[Directions]:
An exact copy of every entry is needed, without any of the pictures.

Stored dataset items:
━━━━━━━━━━━━━━━━

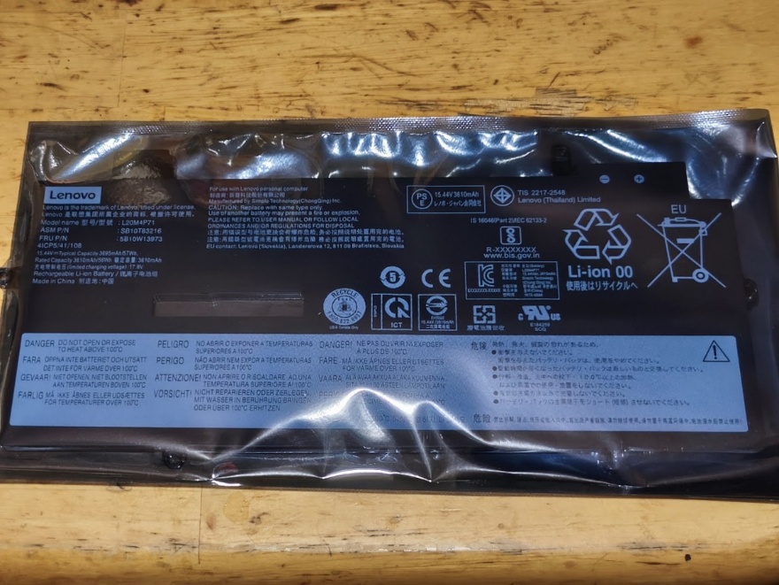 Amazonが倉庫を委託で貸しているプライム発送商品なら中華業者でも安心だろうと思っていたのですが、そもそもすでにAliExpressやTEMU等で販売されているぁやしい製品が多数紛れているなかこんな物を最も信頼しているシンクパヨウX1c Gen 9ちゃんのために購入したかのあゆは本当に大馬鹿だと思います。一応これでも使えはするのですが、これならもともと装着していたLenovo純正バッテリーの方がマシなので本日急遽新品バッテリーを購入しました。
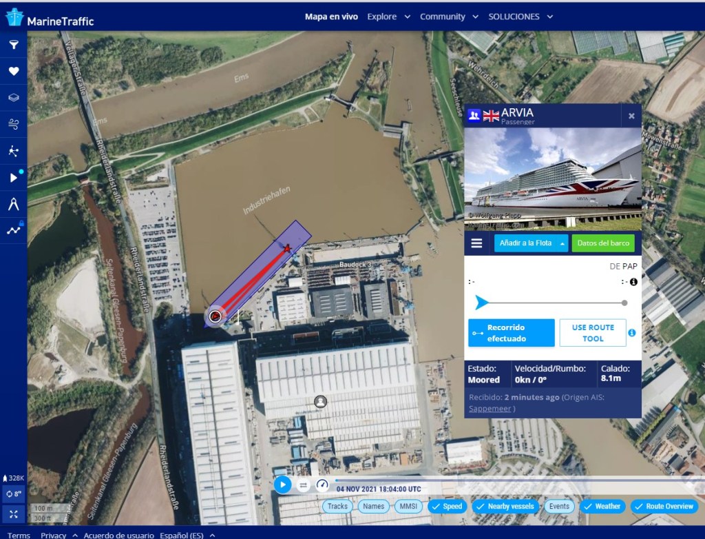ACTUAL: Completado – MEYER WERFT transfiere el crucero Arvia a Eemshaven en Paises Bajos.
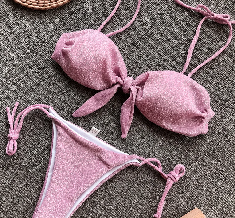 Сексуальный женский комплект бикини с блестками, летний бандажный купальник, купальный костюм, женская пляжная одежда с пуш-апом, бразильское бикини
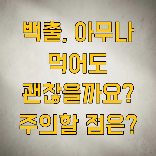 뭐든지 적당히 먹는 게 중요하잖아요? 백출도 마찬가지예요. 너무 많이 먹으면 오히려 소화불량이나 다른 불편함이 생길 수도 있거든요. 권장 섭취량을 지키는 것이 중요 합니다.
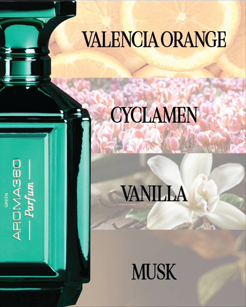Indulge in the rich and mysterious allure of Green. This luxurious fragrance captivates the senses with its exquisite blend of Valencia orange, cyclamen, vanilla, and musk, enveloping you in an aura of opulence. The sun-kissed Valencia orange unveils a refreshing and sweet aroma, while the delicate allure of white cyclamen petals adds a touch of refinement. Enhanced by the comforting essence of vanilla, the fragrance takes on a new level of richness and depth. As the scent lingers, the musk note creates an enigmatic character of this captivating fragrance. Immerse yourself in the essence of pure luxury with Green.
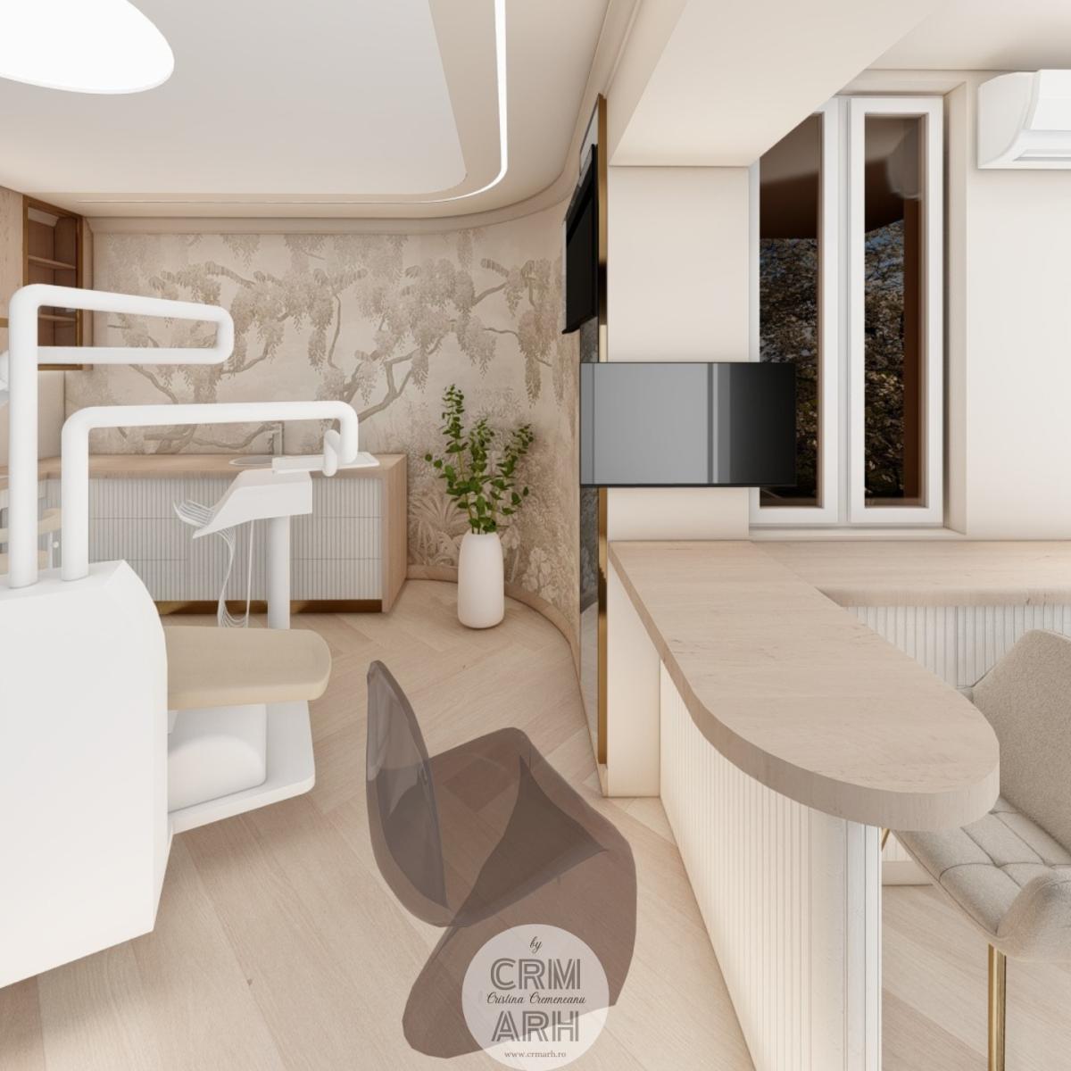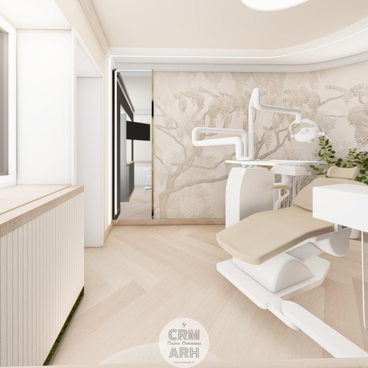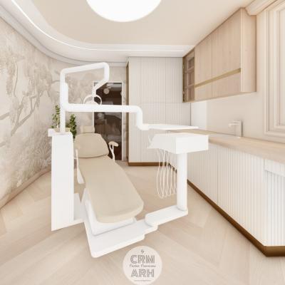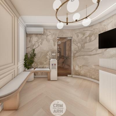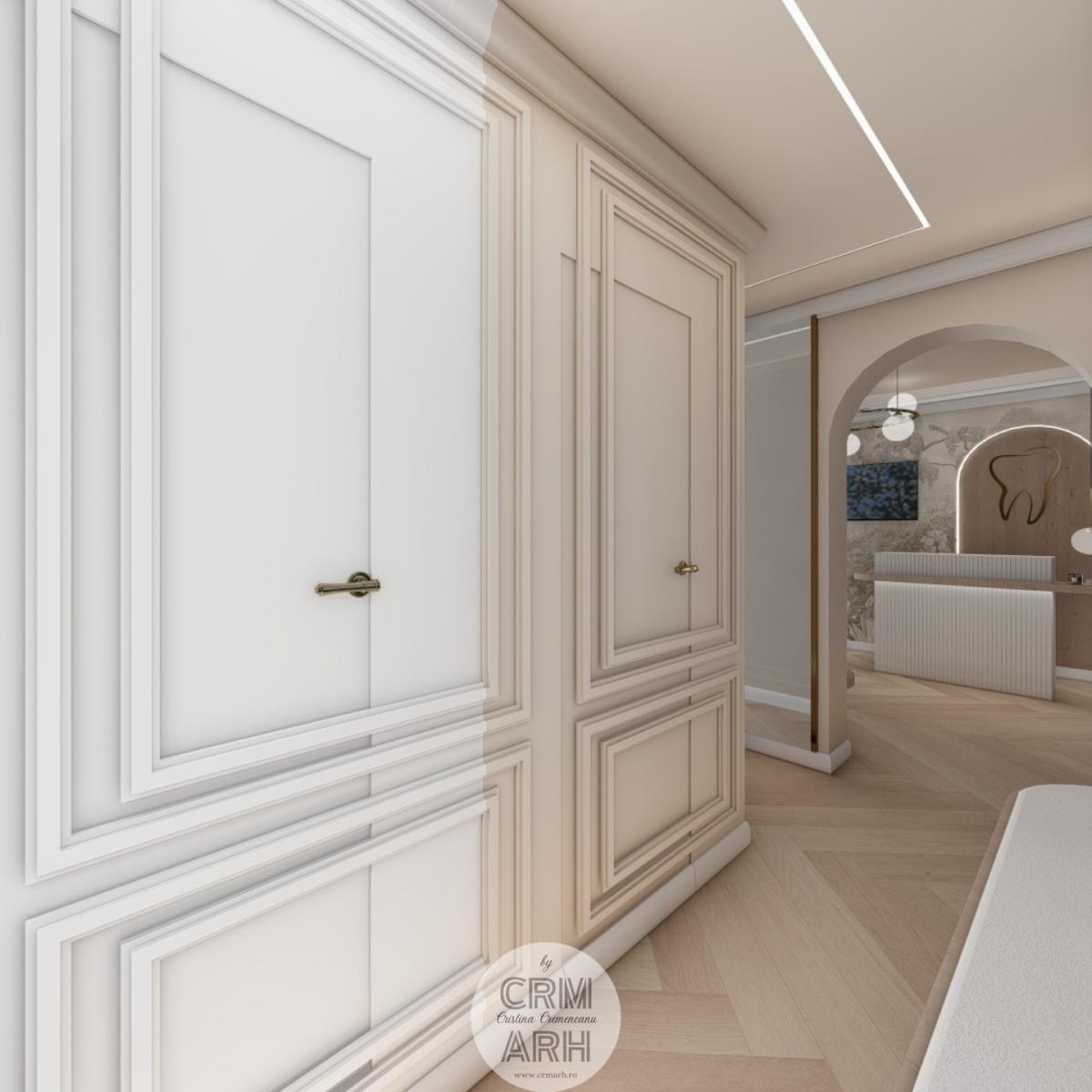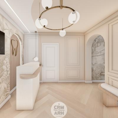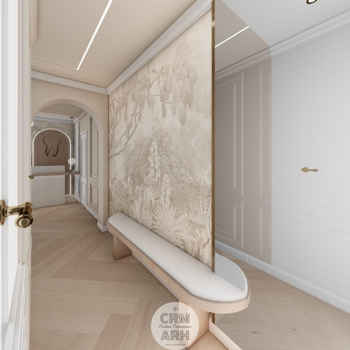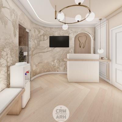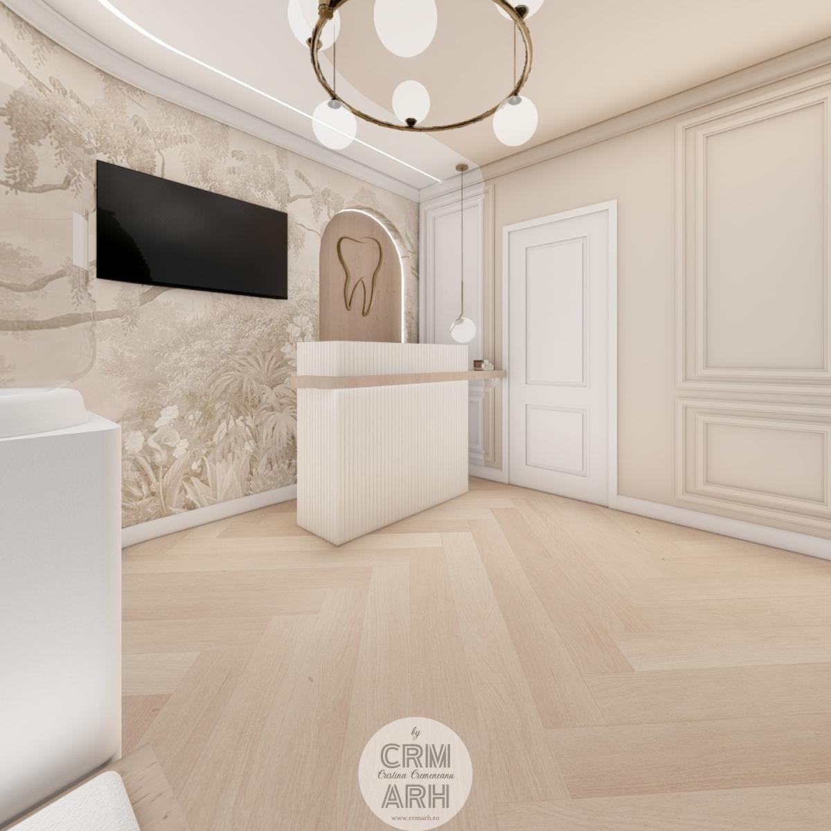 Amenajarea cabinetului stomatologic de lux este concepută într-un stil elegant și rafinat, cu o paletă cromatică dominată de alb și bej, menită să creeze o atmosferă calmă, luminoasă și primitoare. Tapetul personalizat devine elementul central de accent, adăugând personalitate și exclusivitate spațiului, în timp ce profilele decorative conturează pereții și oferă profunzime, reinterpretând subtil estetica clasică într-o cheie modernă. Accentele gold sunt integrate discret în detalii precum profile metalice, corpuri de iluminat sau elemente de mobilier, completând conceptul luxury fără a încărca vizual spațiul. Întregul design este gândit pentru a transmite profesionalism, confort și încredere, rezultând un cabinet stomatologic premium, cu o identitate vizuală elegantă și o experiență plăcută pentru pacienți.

━━━━━━━━━━━━━━━━

[Completed exercise]:
 Amazonが倉庫を委託で貸しているプライム発送商品なら中華業者でも安心だろうと思っていたのですが、そもそもすでにAliExpressやTEMU等で販売されているぁやしい製品が多数紛れているなかこんな物を最も信頼しているシンクパヨウX1c Gen 9ちゃんのために購入したかのあゆは本当に大馬鹿だと思います。一応これでも使えはするのですが、これならもともと装着していたLenovo純正バッテリーの方がマシなので本日急遽新品バッテリーを購入しました。
ACTUAL: Completado – MEYER WERFT transfiere el crucero Arvia a Eemshaven en Paises Bajos.
 Сексуальный женский комплект бикини с блестками, летний бандажный купальник, купальный костюм, женская пляжная одежда с пуш-апом, бразильское бикини
 뭐든지 적당히 먹는 게 중요하잖아요? 백출도 마찬가지예요. 너무 많이 먹으면 오히려 소화불량이나 다른 불편함이 생길 수도 있거든요. 권장 섭취량을 지키는 것이 중요 합니다.
Indulge in the rich and mysterious allure of Green. This luxurious fragrance captivates the senses with its exquisite blend of Valencia orange, cyclamen, vanilla, and musk, enveloping you in an aura of opulence. The sun-kissed Valencia orange unveils a refreshing and sweet aroma, while the delicate allure of white cyclamen petals adds a touch of refinement. Enhanced by the comforting essence of vanilla, the fragrance takes on a new level of richness and depth. As the scent lingers, the musk note creates an enigmatic character of this captivating fragrance. Immerse yourself in the essence of pure luxury with Green.
 Amenajarea cabinetului stomatologic de lux este concepută într-un stil elegant și rafinat, cu o paletă cromatică dominată de alb și bej, menită să creeze o atmosferă calmă, luminoasă și primitoare. Tapetul personalizat devine elementul central de accent, adăugând personalitate și exclusivitate spațiului, în timp ce profilele decorative conturează pereții și oferă profunzime, reinterpretând subtil estetica clasică într-o cheie modernă. Accentele gold sunt integrate discret în detalii precum profile metalice, corpuri de iluminat sau elemente de mobilier, completând conceptul luxury fără a încărca vizual spațiul. Întregul design este gândit pentru a transmite profesionalism, confort și încredere, rezultând un cabinet stomatologic premium, cu o identitate vizuală elegantă și o experiență plăcută pentru pacienți.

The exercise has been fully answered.